Los ensayos aquí reunidos contienen igualmente reflexiones visionarias sobre el deterioro ambiental asociado al consumo de combustibles fósiles (Apartar el hierro de nuestras almas) o sobre la crueldad que acompaña al mundo de la caza (Las costumbres de los cazadores).

Especialmente sugerente es su idea de una verdadera espiritualidad, libre de la secular tiranía de los prejuicios religiosos :

No dejemos que por descuido o tedio se atenúen las maravillas y misterios entre los que vivimos, ni los esplendores ni las glorias. No necesitamos trasladarnos con la imaginación a ninguna otra esfera o condición existencial para encontrar lo maravilloso, lo sagrado (…) Comunicarnos con Dios es comunicarnos con nuestros propios corazones, nuestra mejor esencia (…) Este planeta es el único paraíso deseable del que tenemos conocimiento (…) Nos parece que el mundo es bueno para vivir porque estamos adaptados a él y no porque se haya hecho para nosotros (…) Si la naturaleza no es omnisciente ni misericordiosa desde nuestro punto de vista humano, lo cierto es que nos ha colocado en un lugar donde nuestra propia sabiduría y misericordia se pueden desarrollar.

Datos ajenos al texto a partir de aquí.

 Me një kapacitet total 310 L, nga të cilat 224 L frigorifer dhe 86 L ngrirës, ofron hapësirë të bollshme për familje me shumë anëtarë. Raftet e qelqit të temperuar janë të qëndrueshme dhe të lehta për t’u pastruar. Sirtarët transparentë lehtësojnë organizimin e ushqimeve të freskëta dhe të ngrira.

Es el suyo un panteísmo que resume de forma concisa cuando afirma: Alegría en el universo y gran curiosidad por todo ello: esa ha sido mi religión.

Bibliografía:

Burroughs, John (2018). El arte de ver las cosas. Madrid. Errata Naturae.

Parejas de carboneros garrapinos volando de aquí para allá…

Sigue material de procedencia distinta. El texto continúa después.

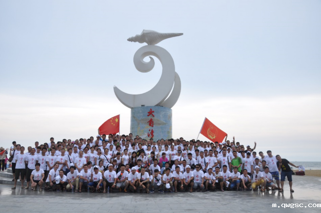 员工穿上整齐划一的绿色团队文化衫,象征着我们qwgsc的生命力,充满希望充满创造力。我们坐高铁绿色出行,眼里满满的对海陵岛美景的憧憬。

Cuando uno repasa la vida del escritor inglés Edward Thomas (1878-1917), cuya obra poética fue escrita solo dos años antes de su muerte, cuesta creer que este hombre que cantara con frecuencia a los zorzales y que sentía tal interés y pasión por la campiña inglesa, viera truncada tempranamente su vida en la batalla de Arrás (Paso de Calais) de la maldita Primera Guerra Mundial.

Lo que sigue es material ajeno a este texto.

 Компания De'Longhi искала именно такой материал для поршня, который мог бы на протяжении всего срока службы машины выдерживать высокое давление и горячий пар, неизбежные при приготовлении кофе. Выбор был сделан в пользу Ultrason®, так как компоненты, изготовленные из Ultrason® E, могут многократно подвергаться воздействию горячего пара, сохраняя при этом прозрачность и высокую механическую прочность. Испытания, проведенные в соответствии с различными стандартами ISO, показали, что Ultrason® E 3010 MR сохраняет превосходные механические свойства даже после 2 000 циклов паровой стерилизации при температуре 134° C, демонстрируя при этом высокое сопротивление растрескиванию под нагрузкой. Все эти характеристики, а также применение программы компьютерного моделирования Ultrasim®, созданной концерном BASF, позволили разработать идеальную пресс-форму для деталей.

El libro La vida en los bosques, escrito antes de su reconocimiento como poeta, recoge notas de campo de sus escapadas juveniles a la naturaleza. ¿Cómo veía el joven Thomas de diecinueve años a carboneros garrapinos, agateadores y petirrojos?

Así refiere algunos de sus encuentros con los habitantes del bosque:

Parejas de carboneros garrapinos, volando de aquí para allá, se apresuran entre las nubes sulfurosas de polen de las flores del fresno cuando se posan sobre las ramas más finas. Del conjunto, especialmente cuando una rama cargada de flores se inclina hacia el suelo, llega una débil fragancia como de corteza pelada. (…)

La capa de musgo es tan espesa que casi no se distingue al pequeño agateador que trepa alrededor del tronco con silente persistencia. Durante un momento se ve con claridad, cuando un destello de sol lo revela contra un punto desnudo de la corteza: entonces, puede percibirse su pico, fino y curvado hacia abajo y sus dibujos pardos, que se funden con el casi blanco del pecho, y admirar su destreza al buscar las grietas. (…)

Allí las bandadas de carboneros se dispersan y suenan dulces sus trinos alegres, como el tintineo de campanillas feéricas. La mayor parte de ellos son carboneros garrapinos con sus cabezas negras y sus figuras rechonchas; sus notas también se distinguen. Cuando cuelgan cabeza abajo, como moscas del techo, sus alas de un pálido azul grisáceo tiemblan ligeramente y las colas, extendidas, vibran de forma que el sol se ve a través de sus vaporosas plumas como si fueran las alas de una libélula. (…)

El petirrojo, cuando se asusta, abandona su posadero, pero según vuelve a posarse reanuda de nuevo su canción con ganas. Siempre es así de impetuoso; no hay canción más apasionada que la suya. Su lugar preferido es el montón de hojas secas arrastradas hasta el abrigo de las vallas: sobre los postes canta; entre las hojas encuentra más gusanos que en ninguna otra parte. Las mañanas lluviosas, cuando no puede cantar, conserva una desafiante charla, o un lamento que también usa al atardecer.

Bibliografía:

Thomas, Edward (2021). La vida en los bosques. Salamanca: Volcano.